Reader Pat L. had a big headache trying to figure out this chart, found on Wikipedia: (I'm just excerpting a small part of it; the full chart is here).

Bloodvalues

To quote Pat:

I was overwhelmed by the information -- so many chemicals and so many units of measure.  I quickly gave up and opened up the image in an picture editor.  One-by-one, I erased the blood chemicals I wasn't interested in.  Maybe if I was a doctor, the chart might have been useful.

 ***

One way to simplify this is using small multiples. Recognize that few if any users would need to directly compare every one of these chemicals. I'm guessing that groups of chemicals can go on separate charts. This is no different from a bookseller organizing shelves to help readers find books.

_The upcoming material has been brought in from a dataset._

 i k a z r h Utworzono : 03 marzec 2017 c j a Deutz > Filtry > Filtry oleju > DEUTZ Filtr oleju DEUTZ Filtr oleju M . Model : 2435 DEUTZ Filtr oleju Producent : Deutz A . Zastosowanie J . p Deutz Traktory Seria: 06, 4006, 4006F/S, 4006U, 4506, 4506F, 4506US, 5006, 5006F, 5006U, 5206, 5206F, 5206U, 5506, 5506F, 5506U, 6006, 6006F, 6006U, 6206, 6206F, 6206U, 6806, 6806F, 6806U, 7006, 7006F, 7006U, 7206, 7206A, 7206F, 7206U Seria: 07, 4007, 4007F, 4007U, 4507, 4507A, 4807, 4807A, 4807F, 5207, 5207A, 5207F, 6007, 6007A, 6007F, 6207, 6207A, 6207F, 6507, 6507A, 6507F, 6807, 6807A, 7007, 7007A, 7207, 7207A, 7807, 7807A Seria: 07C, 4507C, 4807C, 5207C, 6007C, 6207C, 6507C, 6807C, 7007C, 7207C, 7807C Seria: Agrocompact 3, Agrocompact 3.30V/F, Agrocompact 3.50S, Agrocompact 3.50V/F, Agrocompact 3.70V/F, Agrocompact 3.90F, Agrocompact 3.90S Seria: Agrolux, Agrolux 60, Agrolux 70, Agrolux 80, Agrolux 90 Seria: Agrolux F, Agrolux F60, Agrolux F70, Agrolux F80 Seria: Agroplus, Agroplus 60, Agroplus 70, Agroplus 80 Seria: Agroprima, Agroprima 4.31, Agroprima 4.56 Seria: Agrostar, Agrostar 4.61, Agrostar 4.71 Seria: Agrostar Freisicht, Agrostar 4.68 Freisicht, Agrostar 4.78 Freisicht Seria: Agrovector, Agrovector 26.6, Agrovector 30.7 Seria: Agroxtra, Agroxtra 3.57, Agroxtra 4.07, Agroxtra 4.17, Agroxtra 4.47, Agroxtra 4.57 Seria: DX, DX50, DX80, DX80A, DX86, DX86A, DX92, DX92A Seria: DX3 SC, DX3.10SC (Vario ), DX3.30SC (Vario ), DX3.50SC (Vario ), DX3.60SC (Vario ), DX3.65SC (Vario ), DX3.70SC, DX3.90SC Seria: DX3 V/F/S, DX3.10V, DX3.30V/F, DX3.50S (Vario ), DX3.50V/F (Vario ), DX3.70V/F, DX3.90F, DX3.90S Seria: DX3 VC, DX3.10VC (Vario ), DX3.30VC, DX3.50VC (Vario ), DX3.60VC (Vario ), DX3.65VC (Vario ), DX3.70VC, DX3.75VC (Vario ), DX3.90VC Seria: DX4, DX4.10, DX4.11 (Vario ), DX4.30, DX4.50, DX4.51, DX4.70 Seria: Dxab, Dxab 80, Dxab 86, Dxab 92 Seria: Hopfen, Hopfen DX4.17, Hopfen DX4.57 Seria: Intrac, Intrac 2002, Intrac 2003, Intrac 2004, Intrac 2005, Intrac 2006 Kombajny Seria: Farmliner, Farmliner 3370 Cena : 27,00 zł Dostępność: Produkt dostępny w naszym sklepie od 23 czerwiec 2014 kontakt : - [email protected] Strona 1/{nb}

Also get rid of the minor gridlines.

For a summary chart of this kind, I doubt that it adds anything to include the information on whether the end of a range is definite and consistent, definite but inconsistent, or unknown.


The Tufte count

One of the things I picked up from Tufte is the horrible habit of counting the amount of data on a chart.  This is part of the info gathering to estimate the data-ink ratio (amount of data divided by the amount of ink used to depict them).

Leon B, a reader, left this in my inbox, months ago it turned out.  This is the British government's way of informing people how energy-efficient their homes are.  As Leon said:

these charts might be a great example of governments going overboard with colours, bars, letters and numbers and lines for something that really only has four data points.



Ukhomeenergy

In addition, I find the use of two different scales to be confusing and unnecessary.  If it is decided that scores in a particular range can be grouped as A, B, ..., G, then the original scale should be discarded.  52 is E and 70 is C.  (This is especially so since the score ranges are not intuitive, like 69-80 = C ?!)

Even worse, what's the point of citing the 0-100 scale without explaining what is the metric?

A table presentation does a far better job in a fraction of the space:

Redoukenergy_2










Source: Home Information Pack, UK Government.  Graph from Wikipedia.


 

PS. This post set off a torrent of emotions (see the comments).  Another version that I discarded was the simplest table possible.  In my view, there is still way too much distracting "junk" in the original design.  No one has yet explained why the 0-100 scale should be emphasized, or what it means!

Redo2ukenergy


For love of Color

Derek C. pointed us to this piece of chartjunk on Wikipedia.  This chart compares the mass of solar system objects, relative to the Earth's mass.Wiki_solar

Derek's comment:

The bars are inappropriate, as their length is proportional to the
logarithm of the ratio of the masses of the object and the Earth. Also
the multiple colours are distracting.

I'm also mystified by the first bar called "Solar System".  It seems to convey the idea that the Solar System is much larger than the Earth;  combined with the second bar ("Sun"), it tells us that every object but the Sun pales into insignificance.  If this is true, then the Solar System needs to be labelled differently as it is not a "solar system object".

Derek sent in a much improved chart:

Derekc_solar

His version is much cleaner.  The axis labels, properly oriented, are much easier to read.  The use of color is admirably restrained: I suspect that he is as baffled as I about the asterisks (now blue dots) in the original chart. I'd retain the vertical line through the Earth (relative mass = 1) to help anchor the chart.

But a job well done!  He should send it in to the powers to be at Wikipedia.